### Work instructions:
When writing out the entries below, keep only the lines from the line with "Vestido largo de" to the line with "A CAST IRON", both included, exactly as they are, and leave the pictures aside.

### Data extracts:
■ ■ ■ ■ ■ ■ ■

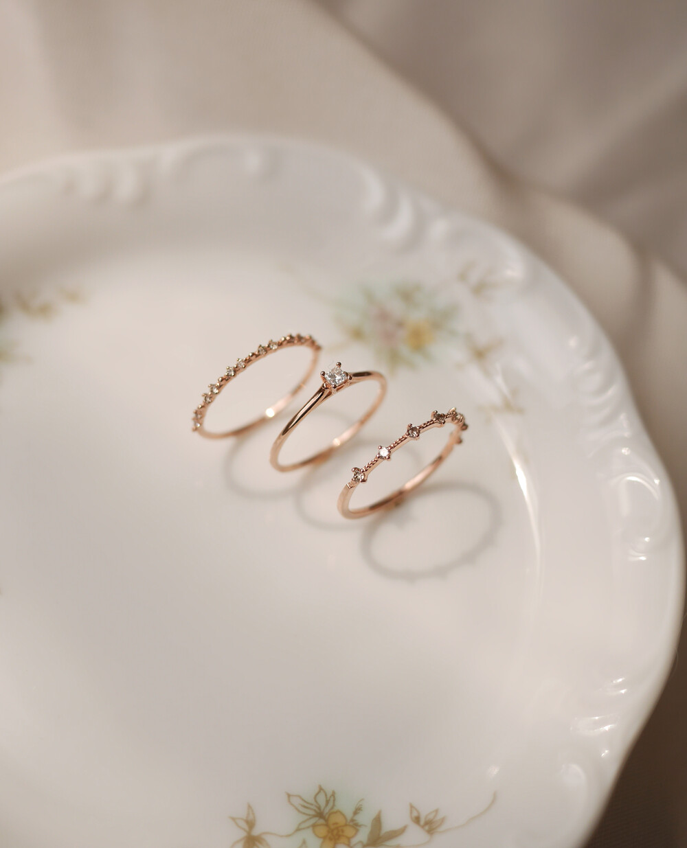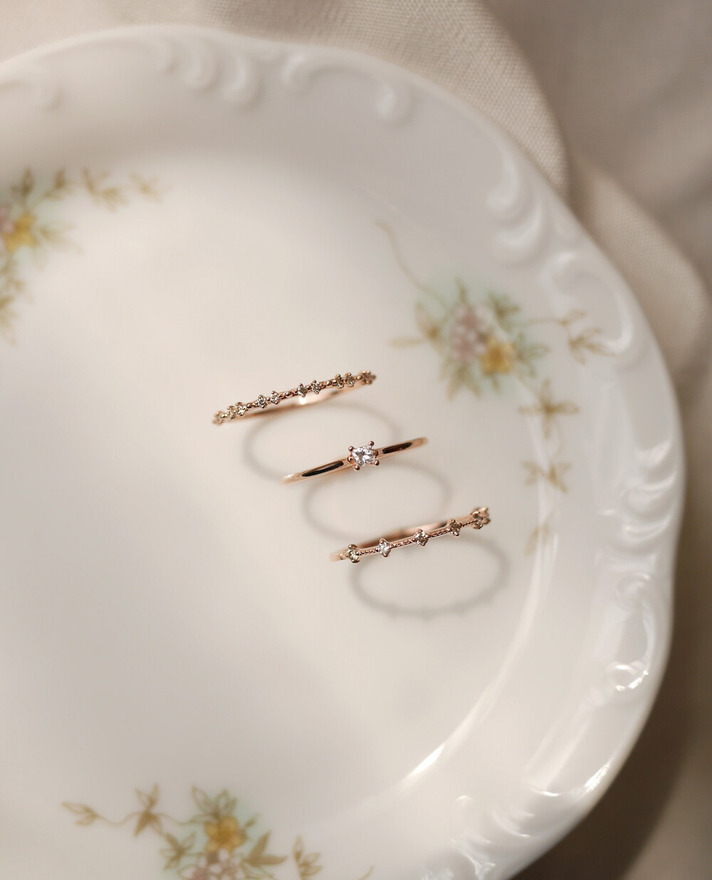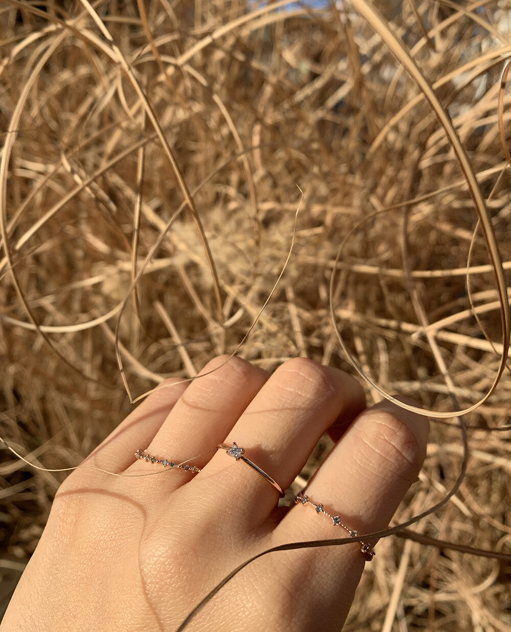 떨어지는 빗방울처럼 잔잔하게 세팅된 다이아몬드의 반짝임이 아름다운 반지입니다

■ ■ ■ ■ ■ ■ ■

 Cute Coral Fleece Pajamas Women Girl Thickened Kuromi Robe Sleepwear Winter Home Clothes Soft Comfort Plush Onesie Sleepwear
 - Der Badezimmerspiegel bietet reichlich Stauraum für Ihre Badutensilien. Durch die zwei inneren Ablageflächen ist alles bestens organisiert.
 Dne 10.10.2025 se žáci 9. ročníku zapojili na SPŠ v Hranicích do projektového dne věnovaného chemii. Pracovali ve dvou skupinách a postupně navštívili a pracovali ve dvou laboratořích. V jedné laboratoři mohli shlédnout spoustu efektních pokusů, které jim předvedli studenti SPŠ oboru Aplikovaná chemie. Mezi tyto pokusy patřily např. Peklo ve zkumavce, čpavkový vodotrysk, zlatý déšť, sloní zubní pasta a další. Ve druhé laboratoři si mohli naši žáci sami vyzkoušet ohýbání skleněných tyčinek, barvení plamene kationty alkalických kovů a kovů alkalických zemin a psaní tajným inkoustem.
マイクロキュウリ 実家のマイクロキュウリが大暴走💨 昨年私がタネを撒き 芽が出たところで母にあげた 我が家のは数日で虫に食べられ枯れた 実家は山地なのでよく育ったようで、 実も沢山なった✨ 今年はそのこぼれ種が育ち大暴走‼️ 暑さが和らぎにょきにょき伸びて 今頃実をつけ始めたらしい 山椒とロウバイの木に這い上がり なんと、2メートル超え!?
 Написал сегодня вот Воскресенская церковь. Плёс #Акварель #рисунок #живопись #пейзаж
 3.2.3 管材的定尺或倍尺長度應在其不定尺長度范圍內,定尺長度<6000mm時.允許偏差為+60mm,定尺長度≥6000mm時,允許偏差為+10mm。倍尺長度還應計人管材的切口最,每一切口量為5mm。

■ ■ ■ ■ ■ ■ ■

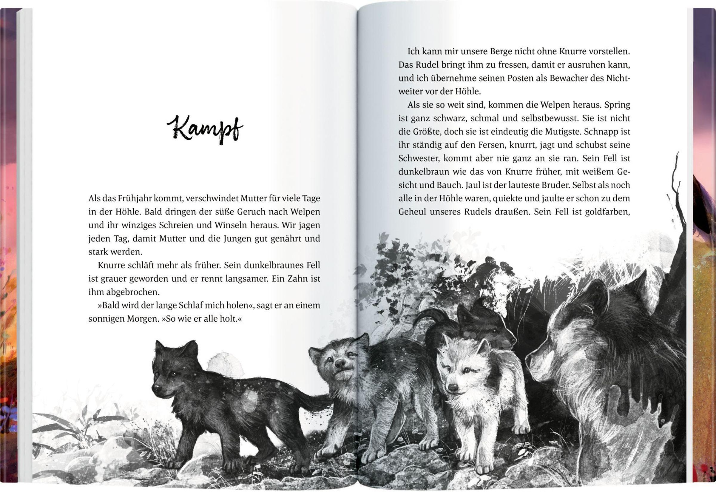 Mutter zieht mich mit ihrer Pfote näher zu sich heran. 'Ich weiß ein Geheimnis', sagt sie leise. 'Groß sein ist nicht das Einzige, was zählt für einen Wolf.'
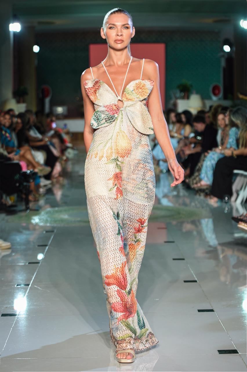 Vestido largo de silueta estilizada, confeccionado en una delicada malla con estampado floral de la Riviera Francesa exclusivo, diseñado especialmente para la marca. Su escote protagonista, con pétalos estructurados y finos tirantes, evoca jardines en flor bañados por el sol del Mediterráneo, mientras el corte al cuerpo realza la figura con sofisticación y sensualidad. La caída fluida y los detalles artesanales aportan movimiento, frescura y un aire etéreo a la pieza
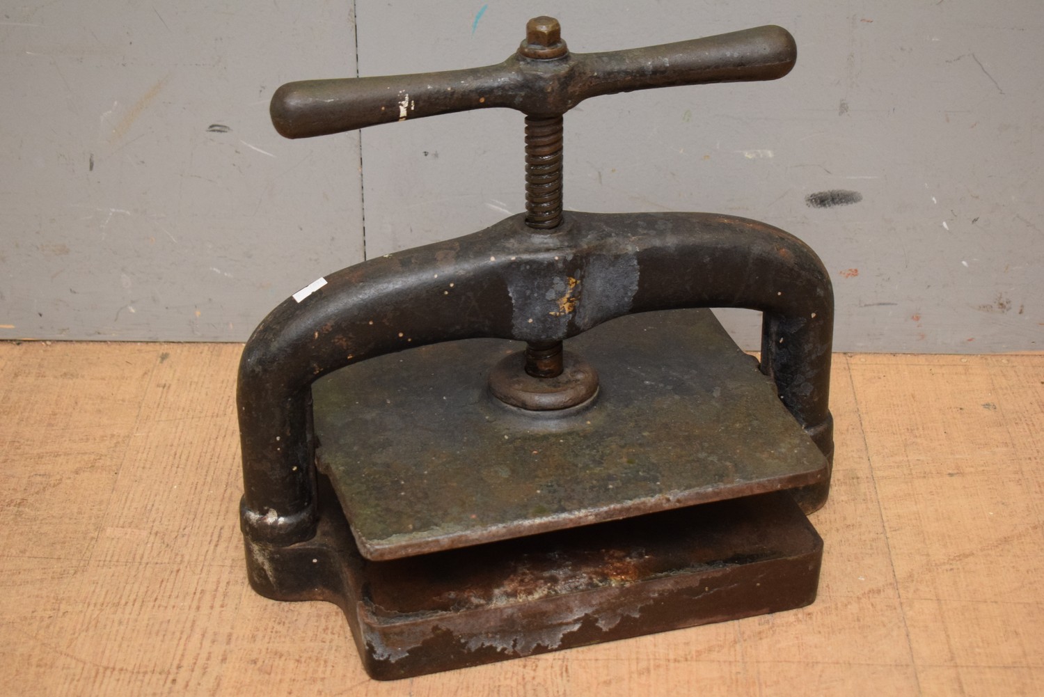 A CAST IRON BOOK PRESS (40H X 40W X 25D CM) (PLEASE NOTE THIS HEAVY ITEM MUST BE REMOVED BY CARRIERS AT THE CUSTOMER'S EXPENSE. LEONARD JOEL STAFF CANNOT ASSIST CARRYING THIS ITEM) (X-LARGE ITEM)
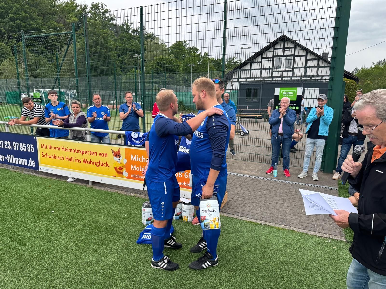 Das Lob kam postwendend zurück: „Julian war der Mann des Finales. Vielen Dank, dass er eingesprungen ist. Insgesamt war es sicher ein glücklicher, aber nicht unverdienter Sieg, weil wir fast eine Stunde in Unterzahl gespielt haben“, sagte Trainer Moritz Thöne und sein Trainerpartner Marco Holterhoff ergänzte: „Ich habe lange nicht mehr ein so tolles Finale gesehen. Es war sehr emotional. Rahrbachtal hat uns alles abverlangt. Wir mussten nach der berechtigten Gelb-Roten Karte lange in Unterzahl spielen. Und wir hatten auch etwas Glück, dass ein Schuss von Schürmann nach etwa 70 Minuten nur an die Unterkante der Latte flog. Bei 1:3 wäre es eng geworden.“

■ ■ ■ ■ ■ ■ ■

### Response to the exercise:
 Vestido largo de silueta estilizada, confeccionado en una delicada malla con estampado floral de la Riviera Francesa exclusivo, diseñado especialmente para la marca. Su escote protagonista, con pétalos estructurados y finos tirantes, evoca jardines en flor bañados por el sol del Mediterráneo, mientras el corte al cuerpo realza la figura con sofisticación y sensualidad. La caída fluida y los detalles artesanales aportan movimiento, frescura y un aire etéreo a la pieza
 A CAST IRON BOOK PRESS (40H X 40W X 25D CM) (PLEASE NOTE THIS HEAVY ITEM MUST BE REMOVED BY CARRIERS AT THE CUSTOMER'S EXPENSE. LEONARD JOEL STAFF CANNOT ASSIST CARRYING THIS ITEM) (X-LARGE ITEM)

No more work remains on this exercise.